MATERIAL PROVIDED.
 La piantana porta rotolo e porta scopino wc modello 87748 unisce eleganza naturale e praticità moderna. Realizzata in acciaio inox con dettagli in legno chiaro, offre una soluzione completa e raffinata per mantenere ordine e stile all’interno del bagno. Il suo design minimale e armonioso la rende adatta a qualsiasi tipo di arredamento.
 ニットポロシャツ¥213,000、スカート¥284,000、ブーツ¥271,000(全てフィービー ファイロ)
* * *
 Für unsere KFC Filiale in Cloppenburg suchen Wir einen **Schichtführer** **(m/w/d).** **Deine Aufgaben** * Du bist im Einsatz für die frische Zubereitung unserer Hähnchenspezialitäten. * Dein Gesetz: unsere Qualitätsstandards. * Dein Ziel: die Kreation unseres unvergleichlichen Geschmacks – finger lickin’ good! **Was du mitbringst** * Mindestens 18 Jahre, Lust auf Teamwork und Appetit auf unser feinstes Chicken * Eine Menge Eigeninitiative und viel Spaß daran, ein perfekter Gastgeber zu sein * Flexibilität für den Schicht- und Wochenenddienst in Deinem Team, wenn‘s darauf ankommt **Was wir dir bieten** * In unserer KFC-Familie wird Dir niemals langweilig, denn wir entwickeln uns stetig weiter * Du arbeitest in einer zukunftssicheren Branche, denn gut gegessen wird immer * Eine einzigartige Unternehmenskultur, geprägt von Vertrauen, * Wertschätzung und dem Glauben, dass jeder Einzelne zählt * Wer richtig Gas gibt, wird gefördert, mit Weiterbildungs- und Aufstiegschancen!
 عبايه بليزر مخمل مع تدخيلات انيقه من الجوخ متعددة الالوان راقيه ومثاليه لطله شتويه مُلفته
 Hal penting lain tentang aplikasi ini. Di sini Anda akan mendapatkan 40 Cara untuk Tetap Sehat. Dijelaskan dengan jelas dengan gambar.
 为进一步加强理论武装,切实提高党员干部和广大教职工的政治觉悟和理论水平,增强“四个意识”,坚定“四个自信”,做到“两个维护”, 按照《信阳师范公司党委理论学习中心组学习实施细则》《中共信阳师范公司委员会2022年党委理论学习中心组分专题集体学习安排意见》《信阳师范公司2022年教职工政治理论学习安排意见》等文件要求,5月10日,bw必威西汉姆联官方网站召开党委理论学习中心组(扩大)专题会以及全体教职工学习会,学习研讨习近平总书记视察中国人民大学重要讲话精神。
...
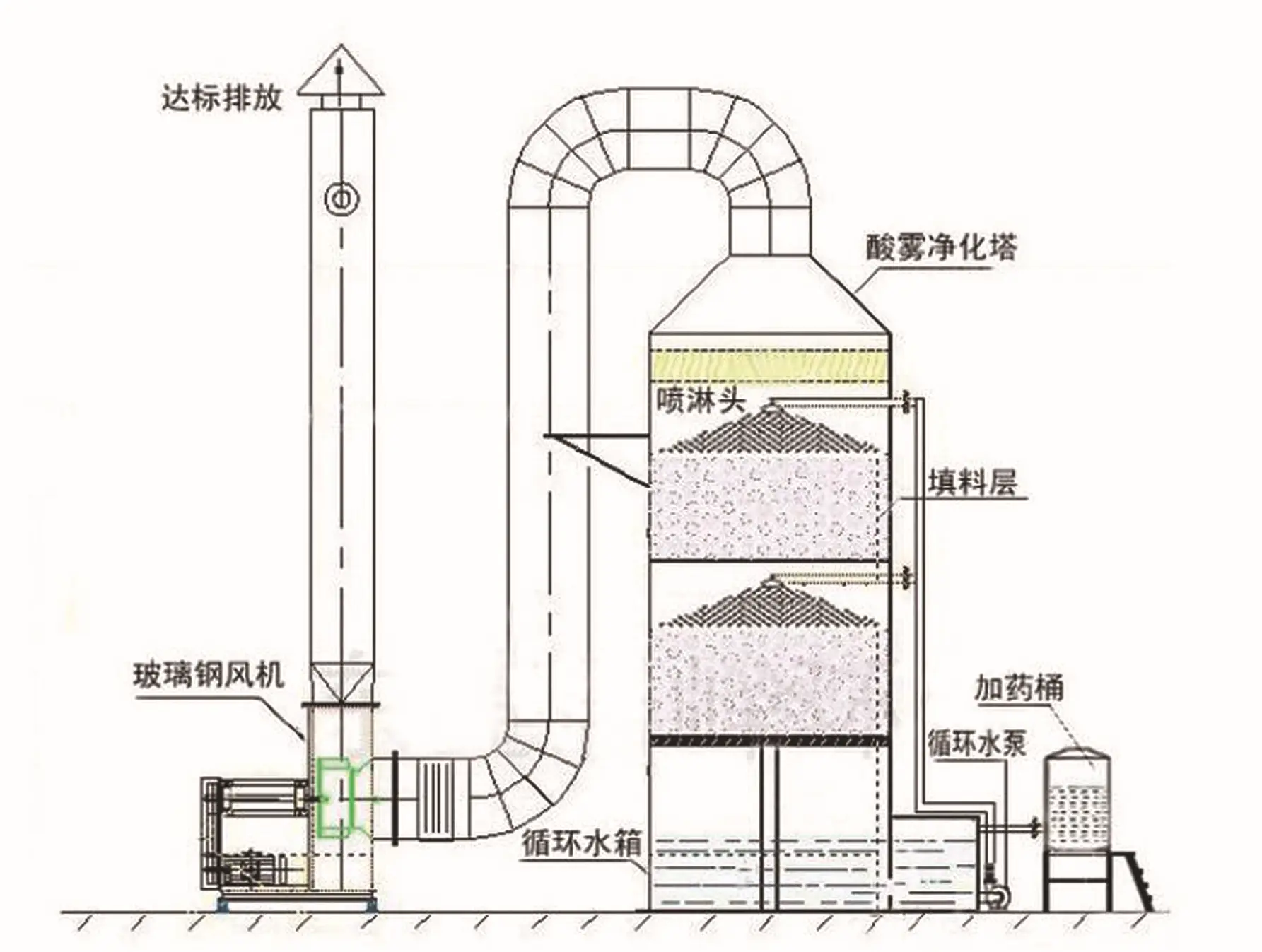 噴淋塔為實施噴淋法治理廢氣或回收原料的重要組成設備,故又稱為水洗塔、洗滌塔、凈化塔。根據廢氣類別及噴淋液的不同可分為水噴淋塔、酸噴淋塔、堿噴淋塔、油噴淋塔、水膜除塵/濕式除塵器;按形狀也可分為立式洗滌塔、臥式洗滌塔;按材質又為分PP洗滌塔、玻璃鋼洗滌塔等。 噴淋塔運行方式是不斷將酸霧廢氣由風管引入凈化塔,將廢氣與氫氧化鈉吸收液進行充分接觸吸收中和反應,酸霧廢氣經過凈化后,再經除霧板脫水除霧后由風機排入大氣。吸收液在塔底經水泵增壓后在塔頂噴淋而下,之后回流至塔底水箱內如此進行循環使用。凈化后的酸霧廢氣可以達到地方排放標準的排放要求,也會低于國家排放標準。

PROBLEM.
Leave out every line above except those from the line with "Für unsere KFC" up to and including the line with "Hal penting lain", and copy those exactly.

ANSWER BOX.
 Für unsere KFC Filiale in Cloppenburg suchen Wir einen **Schichtführer** **(m/w/d).** **Deine Aufgaben** * Du bist im Einsatz für die frische Zubereitung unserer Hähnchenspezialitäten. * Dein Gesetz: unsere Qualitätsstandards. * Dein Ziel: die Kreation unseres unvergleichlichen Geschmacks – finger lickin’ good! **Was du mitbringst** * Mindestens 18 Jahre, Lust auf Teamwork und Appetit auf unser feinstes Chicken * Eine Menge Eigeninitiative und viel Spaß daran, ein perfekter Gastgeber zu sein * Flexibilität für den Schicht- und Wochenenddienst in Deinem Team, wenn‘s darauf ankommt **Was wir dir bieten** * In unserer KFC-Familie wird Dir niemals langweilig, denn wir entwickeln uns stetig weiter * Du arbeitest in einer zukunftssicheren Branche, denn gut gegessen wird immer * Eine einzigartige Unternehmenskultur, geprägt von Vertrauen, * Wertschätzung und dem Glauben, dass jeder Einzelne zählt * Wer richtig Gas gibt, wird gefördert, mit Weiterbildungs- und Aufstiegschancen!
 عبايه بليزر مخمل مع تدخيلات انيقه من الجوخ متعددة الالوان راقيه ومثاليه لطله شتويه مُلفته
 Hal penting lain tentang aplikasi ini. Di sini Anda akan mendapatkan 40 Cara untuk Tetap Sehat. Dijelaskan dengan jelas dengan gambar.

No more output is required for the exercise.